Reinforcement Learning vs. Gradient-Based Optimisation for Robust Energy Landscape Control of Spin-1/2 Quantum Networks

TL;DR

This paper compares reinforcement learning and gradient-based optimization for controlling quantum spin networks, showing RL's superior robustness in noisy, challenging scenarios.

Contribution

It demonstrates the effectiveness of policy gradient methods in quantum control, especially under noise, outperforming traditional gradient-based approaches.

Findings

Reinforcement learning handles noisy quantum control problems better.

Controllers found by RL are more robust to Hamiltonian noise.

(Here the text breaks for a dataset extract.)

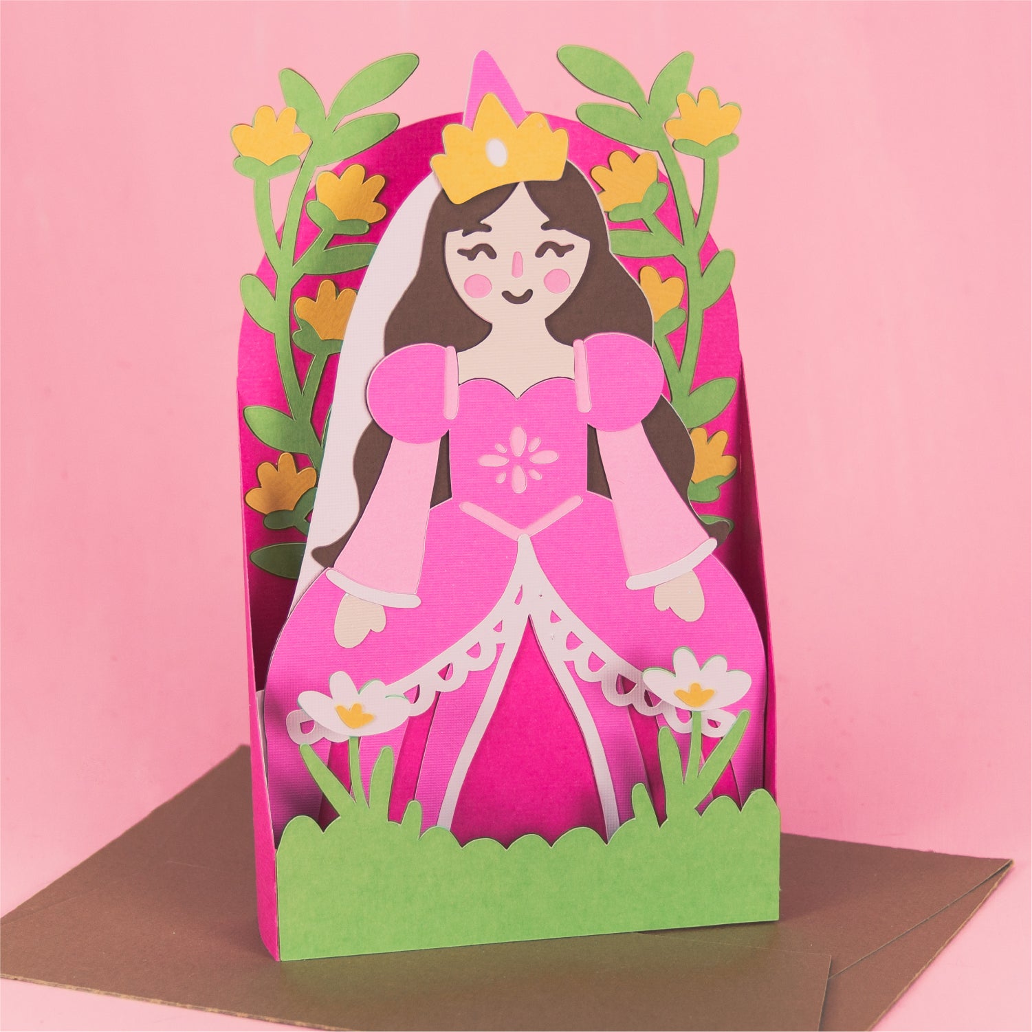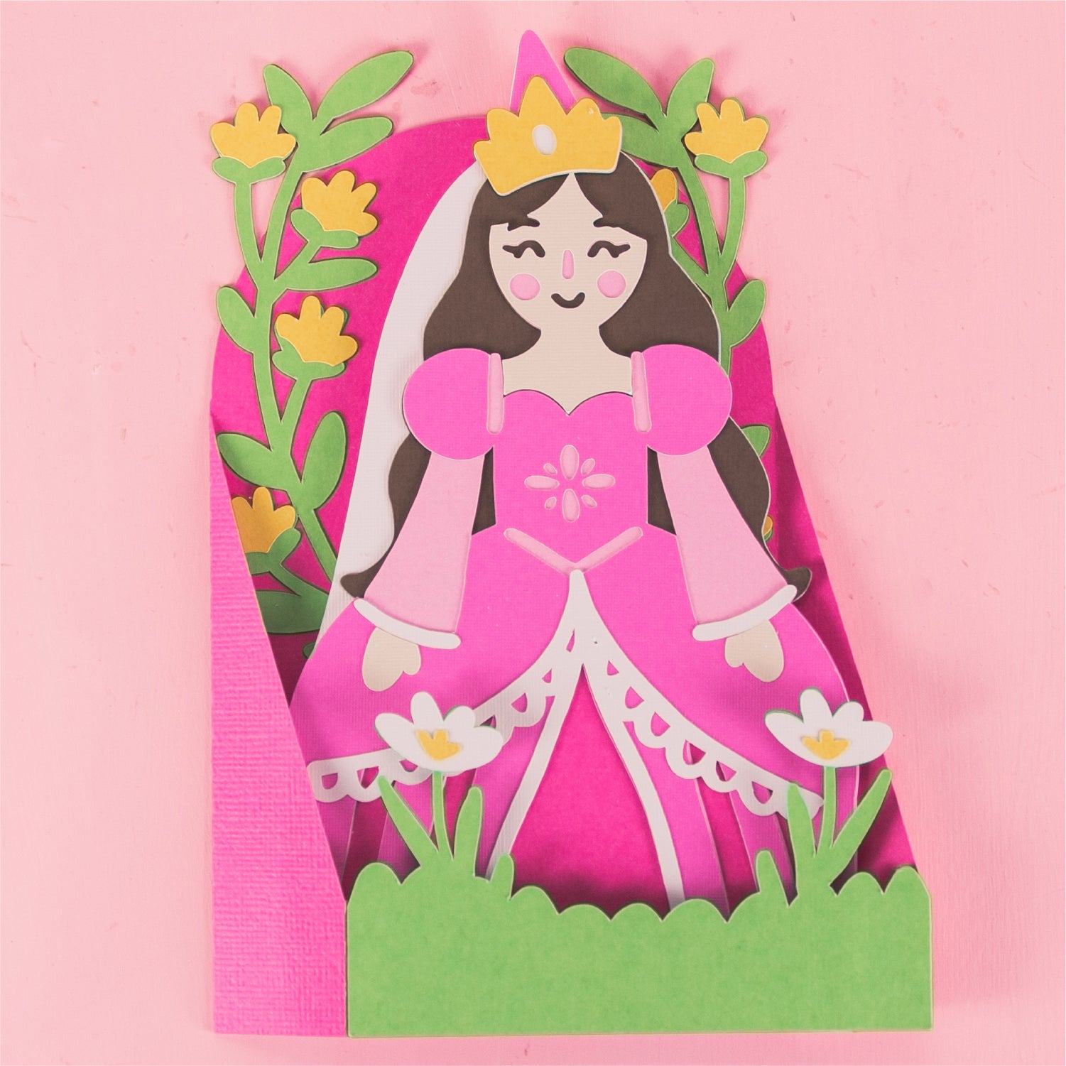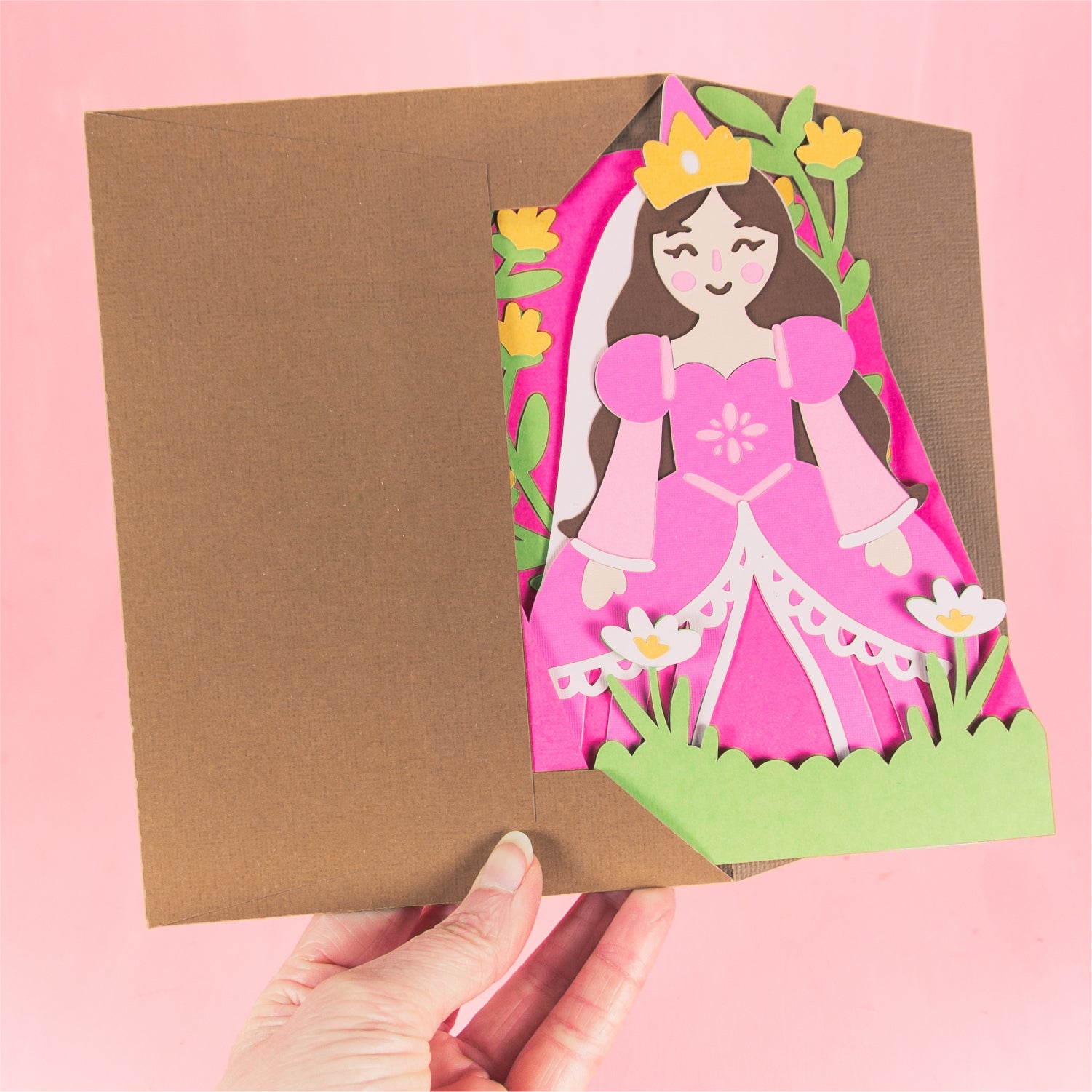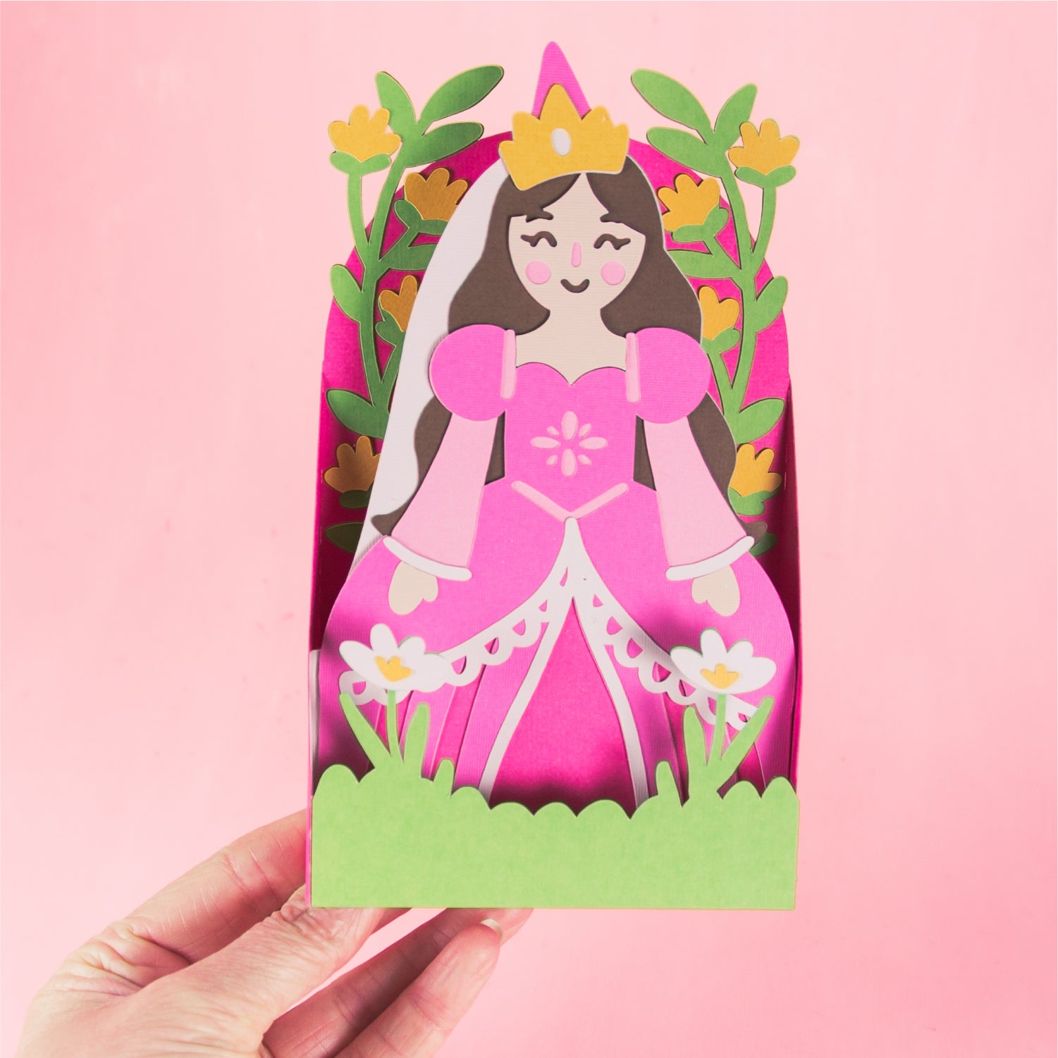 Create the cutest birthday card with this Princess with Flowers Card - a 3D any occasion card SVG! This such a sweet card for your favorite princess - your daughter, granddaughter, niece, sister, or friend! I love this one for a birthday, as a congratulations card, or for any occasion. This design features a princess in a dress, with a princess hat & crown surrounded by flowers. I love updating the hair color and skin tone to match the recipient. I also like to match the dress color to their favorite color! This cutting file is perfect for Cricut and Silhouette cutting machines. The card folds flat for easy mailing and fits perfectly in the included 5x7” envelope cut file. Explore more of my card designs for even more cute and creative ideas!

Gradient-based methods struggle with noisy, complex quantum landscapes.

Abstract

We explore the use of policy gradient methods in reinforcement learning for quantum control via energy landscape shaping of XX-Heisenberg spin chains in a model agnostic fashion. Their performance is compared to finding controllers using gradient-based L-BFGS optimisation with restarts, with full access to an analytical model. Hamiltonian noise and coarse-graining of fidelity measurements are considered. Reinforcement learning is able to tackle challenging, noisy quantum control problems where L-BFGS optimization algorithms struggle to perform well. Robustness analysis under different levels of Hamiltonian noise indicates that controllers found by reinforcement learning appear to be less affected by noise than those found with L-BFGS.